Liberian Legislatures Seek To Deny Diaspora Liberians The Right To Serve Their Country – Part II


As Dual Citizenship Debate Continues Proponents of Proposition continue to argue that the amendment of Article 28 is merely seeking “to confirm and restore the citizenship rights of natural born Liberians” who reside outside of Liberia. To the contrary, Liberians do not lose their citizenship under any Liberia law by reason of naturalizing in another country. What this amendment will do is deny Diaspora Liberians who seek naturalization due to life situation. It further seeks to prevent Liberians from holding any appointed position in Government, including heading scientific institutions, like JFK Hospital, CARI, Universities (just to name a few).

By Francis K. Zazay, [email protected], Contributing Writer

Additionally, the proposition seeks to make it harder to ratify the alien and nationality law by constitutionalizing it, when the law could have simply been ratified, either through the courts or by legislative action. In reality, the Legislature is now saying, contrary to all other norms of modern governments, that whenever the issue of nationality laws are discussed, the constitution must be amended, as if to suggest that the process does not come with huge cost, contrary to what is done in one of its most favored neighbors, Ghana and many decent civilizations of the world.
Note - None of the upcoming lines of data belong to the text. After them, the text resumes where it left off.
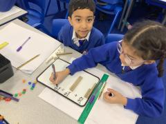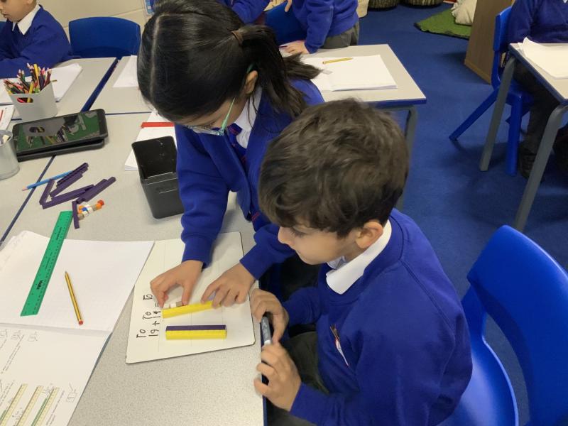 This week we have been adding and subtracting with exchange, building on our prior knowledge and securing the understanding of having to exchange 10 ones for a ten, doing this practically first and then with jottings once we are confident.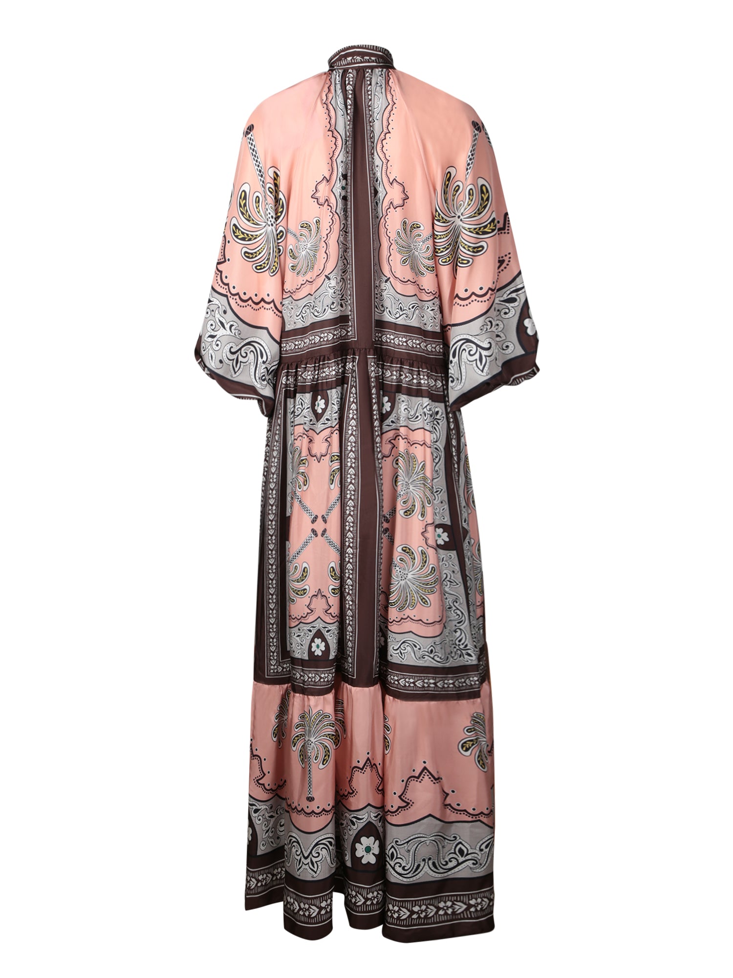 This elegant dress from LA DOUBLE J features a captivating design with a vivid paisley print. The neck bow detail adds a touch of sophistication, while the wide bell sleeves ensure an aura of grace and comfort.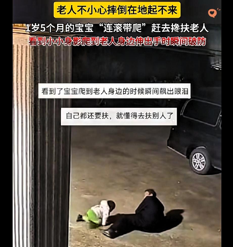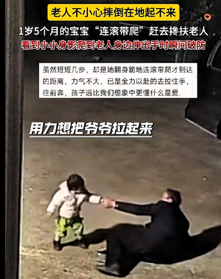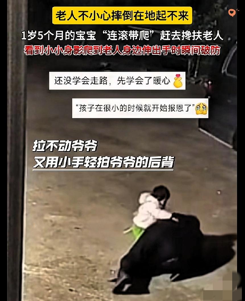 天津这1岁半娃的操作,直接戳中了所有人的泪点! 这哪是什么小不点,分明是爷爷的小守护神,刻在骨子里的亲情,真的藏不住。 元宵佳节,爷爷上台阶时不慎摔倒,躺在地上动弹不得。 屋里的小孙女瞧见了,走路还摇摇晃晃的她,立刻坐到地上倒着爬下台阶,连滚带爬冲向爷爷。 到了爷爷身边,她小手紧紧拽着爷爷的手,还不忘去扶爷爷的背,使出浑身力气想把爷爷拉起来。 那小小的身影,满是着急和坚定,看得人心里又暖又酸。 都说言传身教是最好的家风,这孩子连话都说不明白,却用最本能的行动诠释了什么是血脉相连。 孝顺从来不是长大后的刻意学习,而是藏在日常点滴里的耳濡目染。 你家娃有没有过这种不经意间戳中你心窝的暖心瞬间?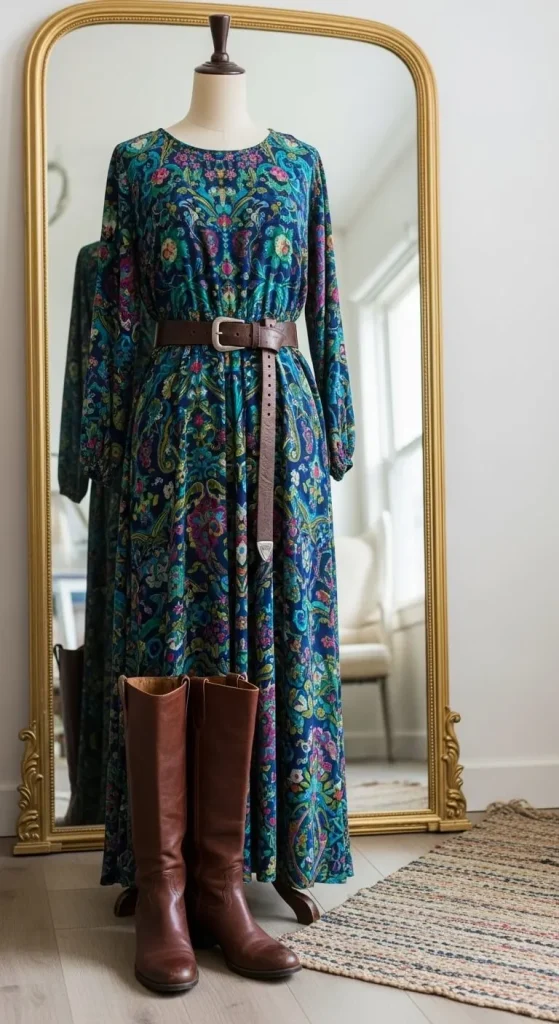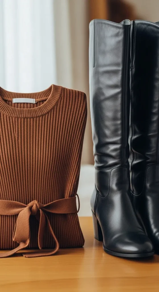 Tall boots make any short dress look stylish. They keep your legs warm too. Add a cropped jacket for balance. You can reuse old boots with fabric polish for a fresh finish.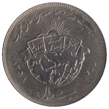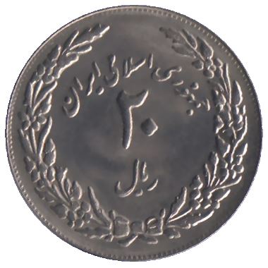 正面翻译:为纪念希吉拉独立年 | 自由 | 伊斯兰共和国 1358 1400 二十里亚尔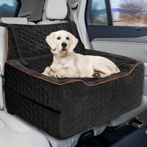 Vdamu Dog Booster Seat for Larger & Medium Dogs – Comfortable Dog Car Bed with Washable Cover and Storage Pockets for Pets Up to 60lbs (Black)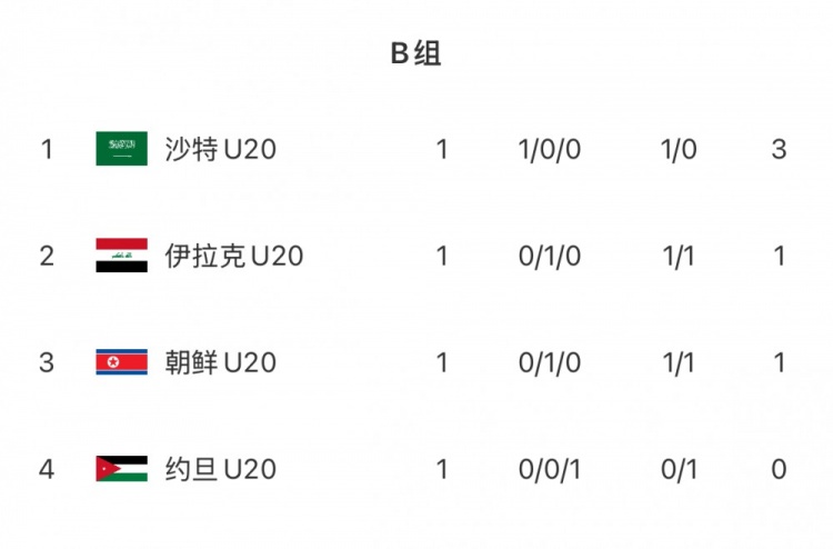 積分榜上,沙特3分領(lǐng)跑,伊拉克與朝鮮積1分,約旦0分墊底。第二輪賽事,沙特對(duì)陣伊拉克,朝鮮對(duì)陣約旦。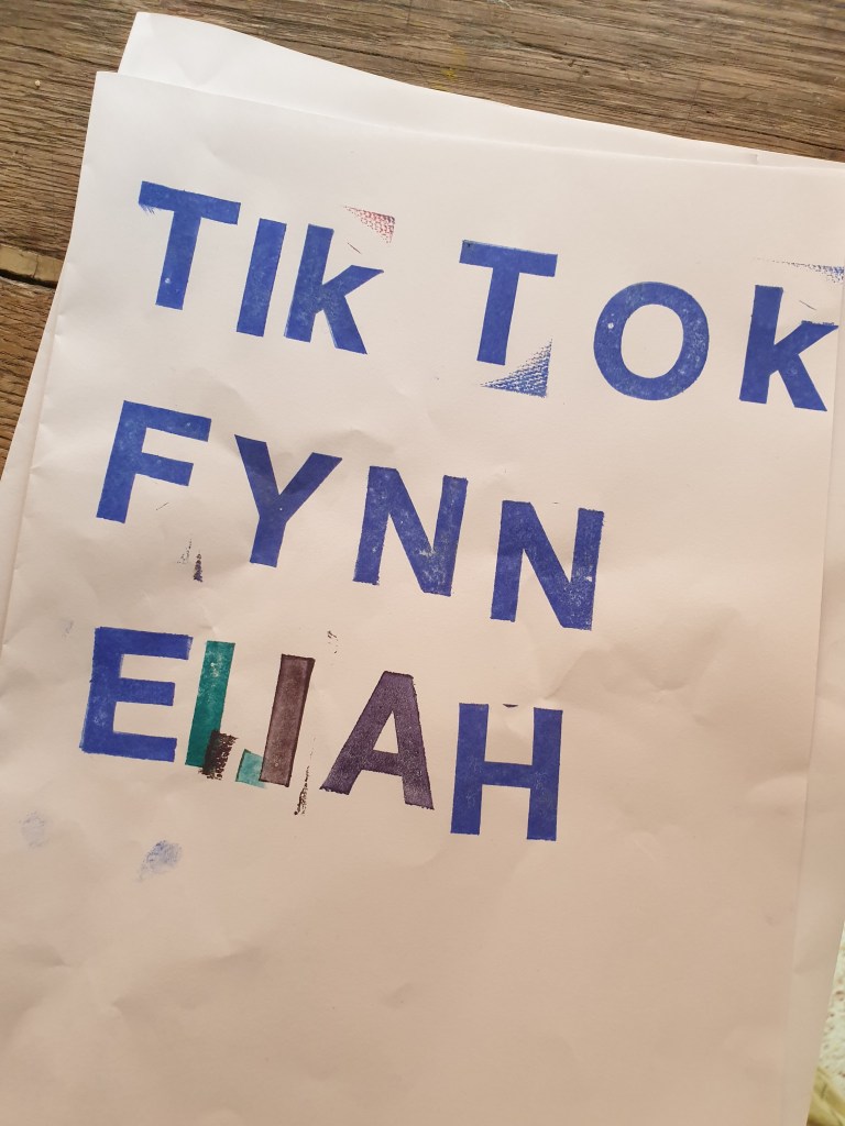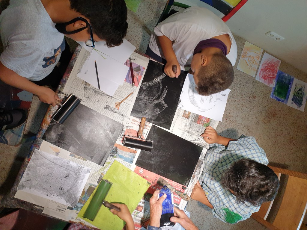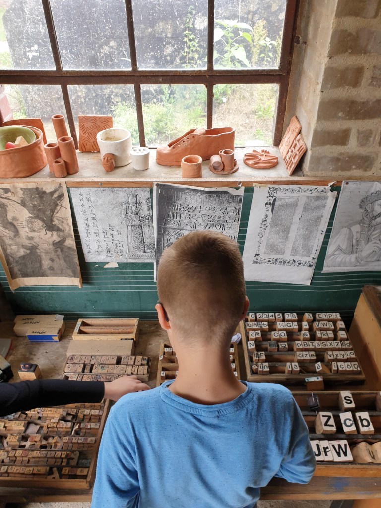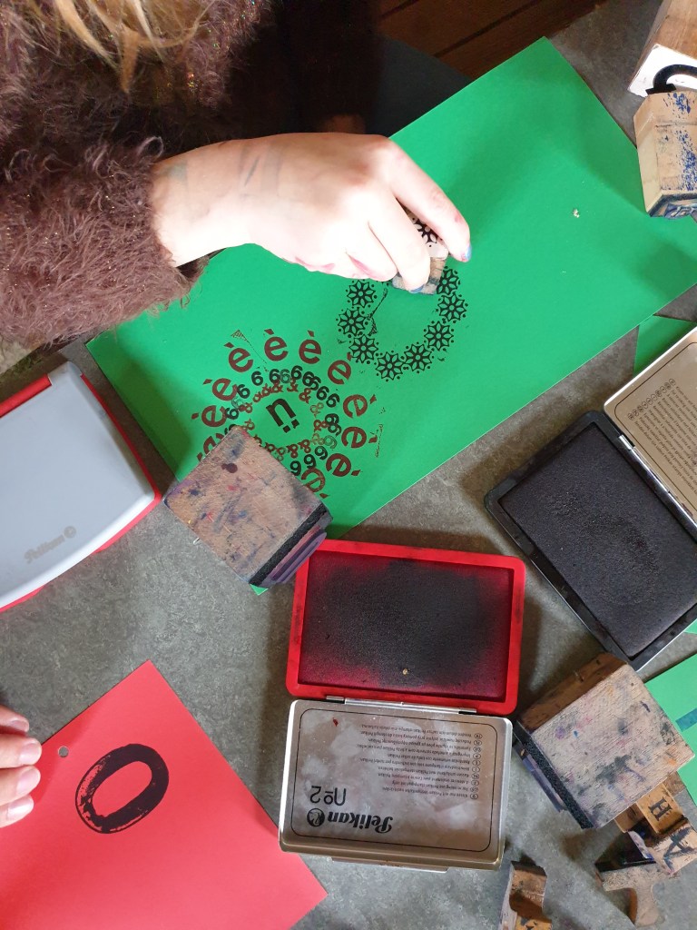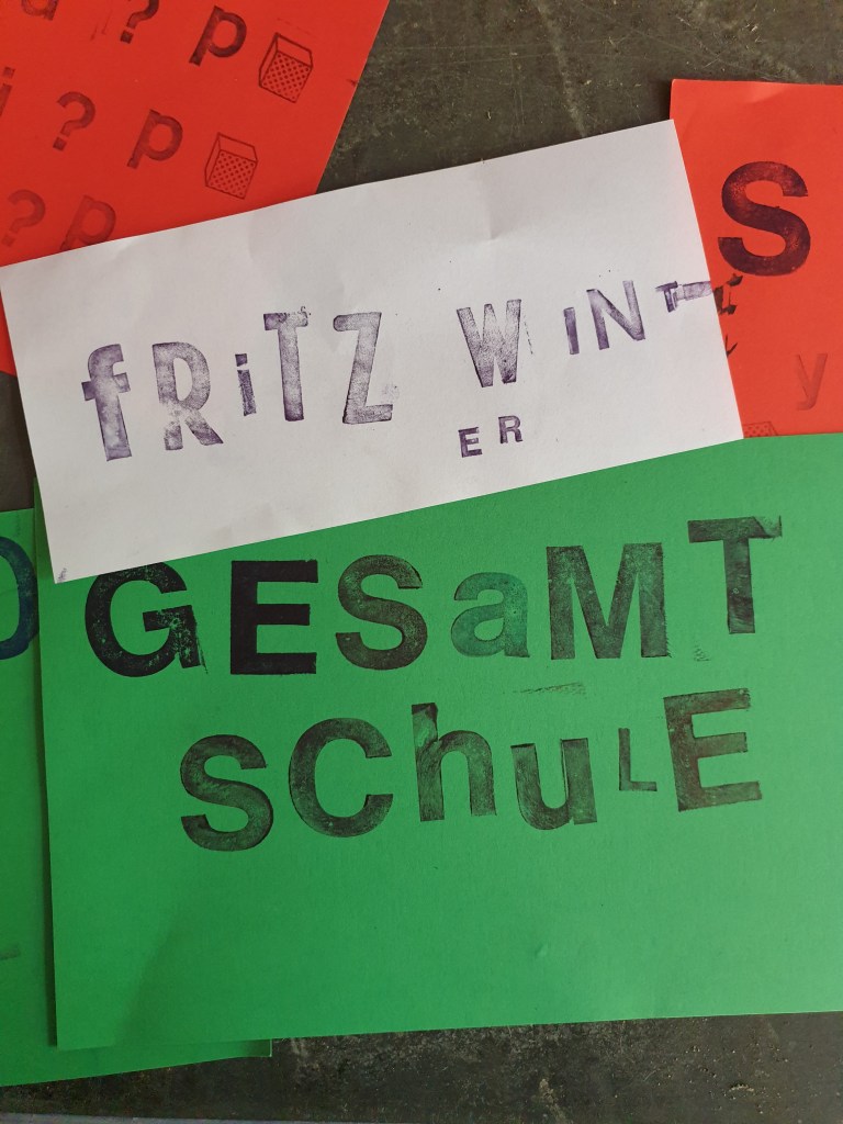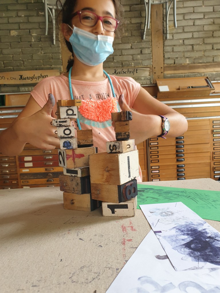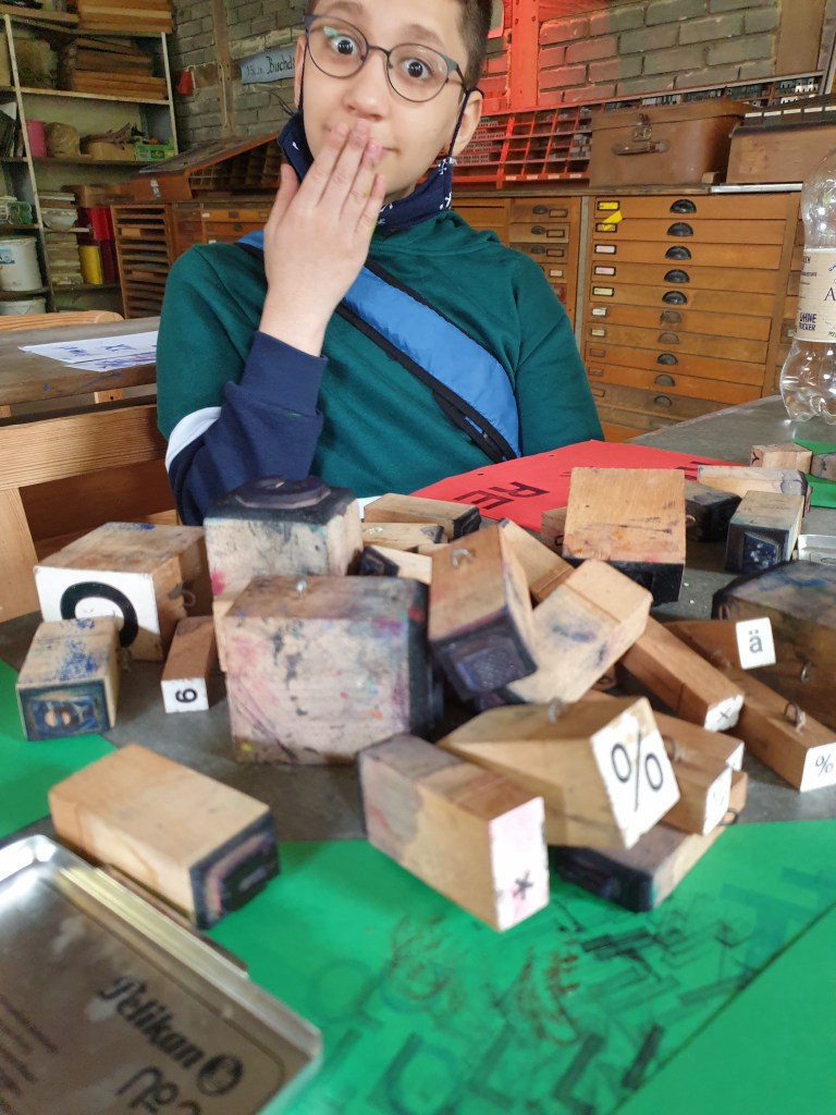 Ein riesiger Fundus mit verschiedenen Buchstaben-Stempeln stand uns für unsere Schrift-Experimente in der Druckwerkstatt zur Verfügung. Aber auch das Zeichnen und Abdrücken von Formen und Gegenständen mithilfe eingefärbter Rollen und Acryl-Platten hat großen Spaß gemacht.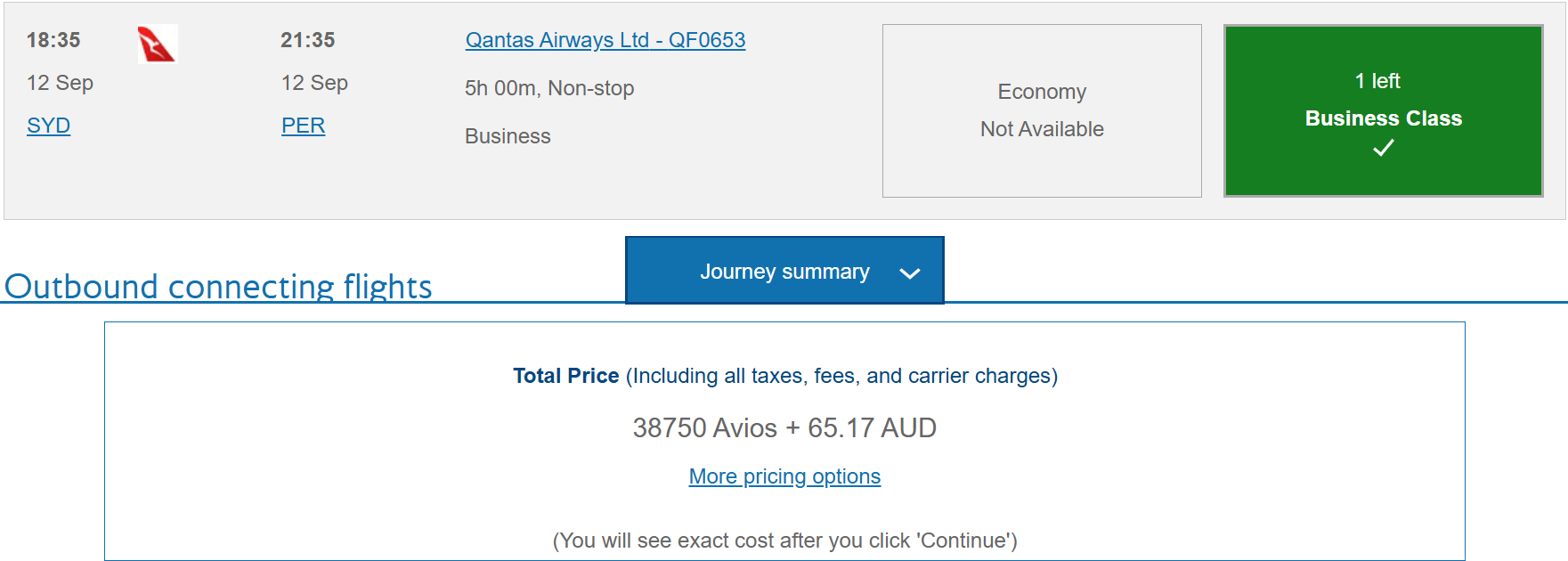 But what if you had Avios to spend through The British Airways Club? The same seat on the same flight costs even less, requiring 38,750 Avios plus $65.17. This is what we mean by being able to book Qantas using flexible credit card points, rather than with Qantas Points directly.
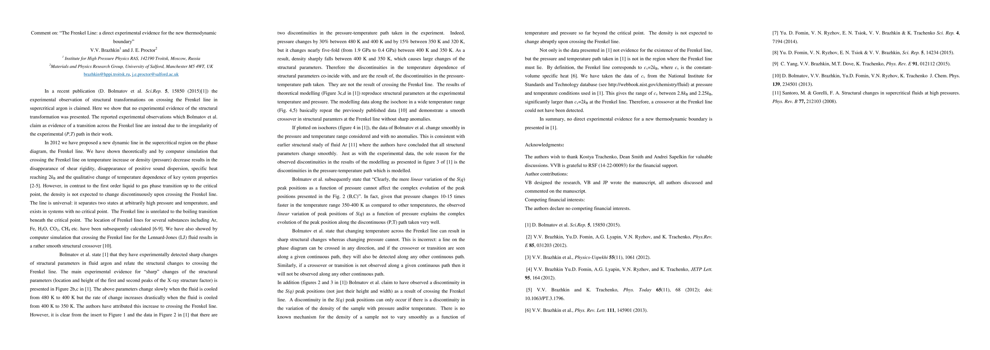 In a recent publication (D. Bolmatov et al. Sci.Rep. 5, 15850 (2015)) the experimental observation of structural transformations on crossing the Frenkel line in supercritical argon is claimed. Here we show that no experimental evidence of the structural transformation was presented. The reported experimental observations which Bolmatov et al. claim as evidence of a transition across the Frenkel line are instead due to the irregularity of the experimental (P,T) path in their work.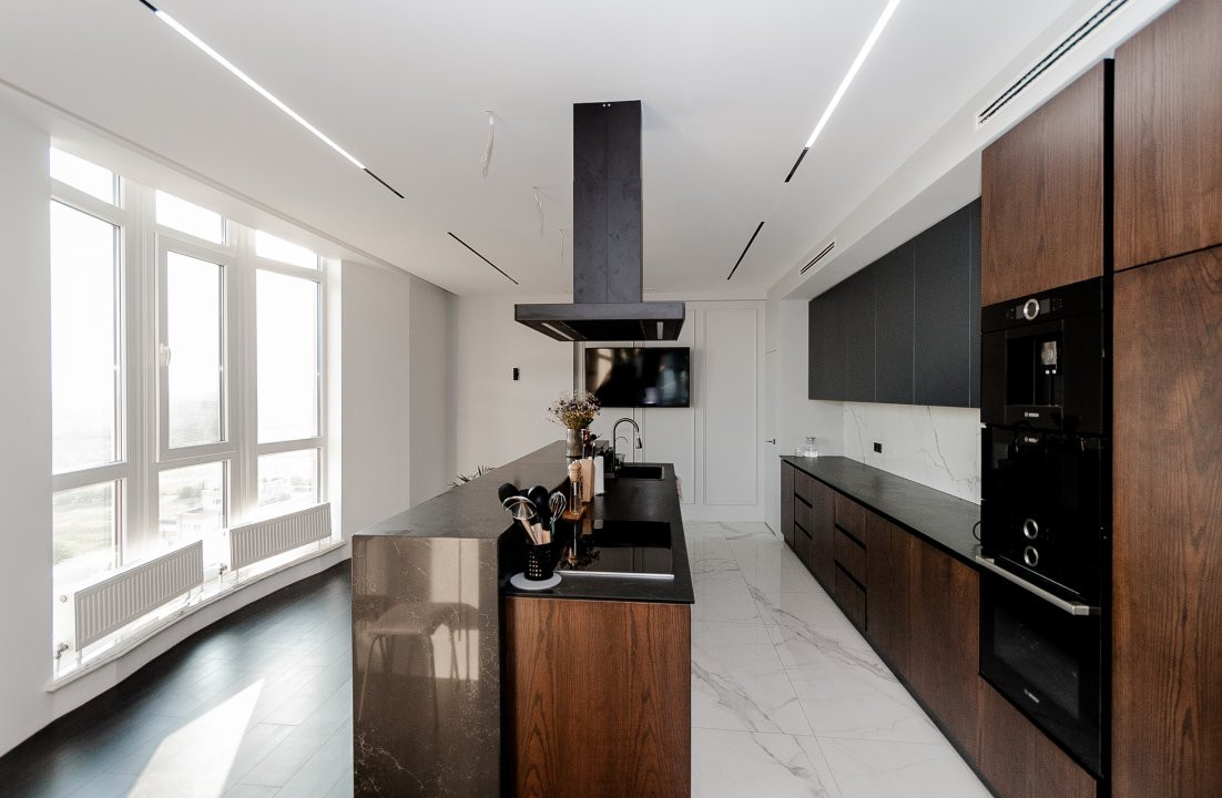 Sistem Smart Home (KNX) – control complet al iluminării, încălzirii, răcirii, perdelelor și alarmei de pe telefon (Apple Home / Google Home), cu opțiune de revenire la sistem clasic.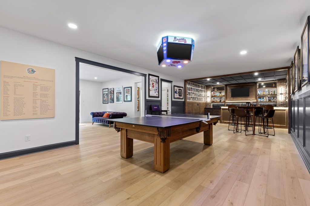 Atlanta homes often have untapped basement potential, and this project shows how powerful a custom basement finish can be when it’s tailored to your lifestyle. Instead of a generic layout, this space reflects the homeowner’s passions—sports, entertaining, and interactive recreation—while adding serious long-term value to the home.

Customary and Tribal Law Implications Interestingly, Proposition 1 did not consider the judicial remedy provided under Article 65 when it sought to amend Article 28. Rather, Proposition 1 is a shocking reaction to two Supreme Court Rulings, Re: Alvin Teage Jalloh vs Olubanke King-Akerele, relative to the constitutionality of the Alien & Nationality o Liberia, and the Supreme Court’s ruling of October 7, 2011 on the migration issues, in the case seeking to deny some politicians from contesting elections. Article 65 states in part that the Judgements of the Supreme Court shall be final and binding and shall not be subject to appeal or review by any other branch of Government. In a wanton disregard to the constitution, the action of the Legislature appears not to recognize the duties of the Court, when it ruled on immigration issues, which is why Proposition 1 has become a hot topic.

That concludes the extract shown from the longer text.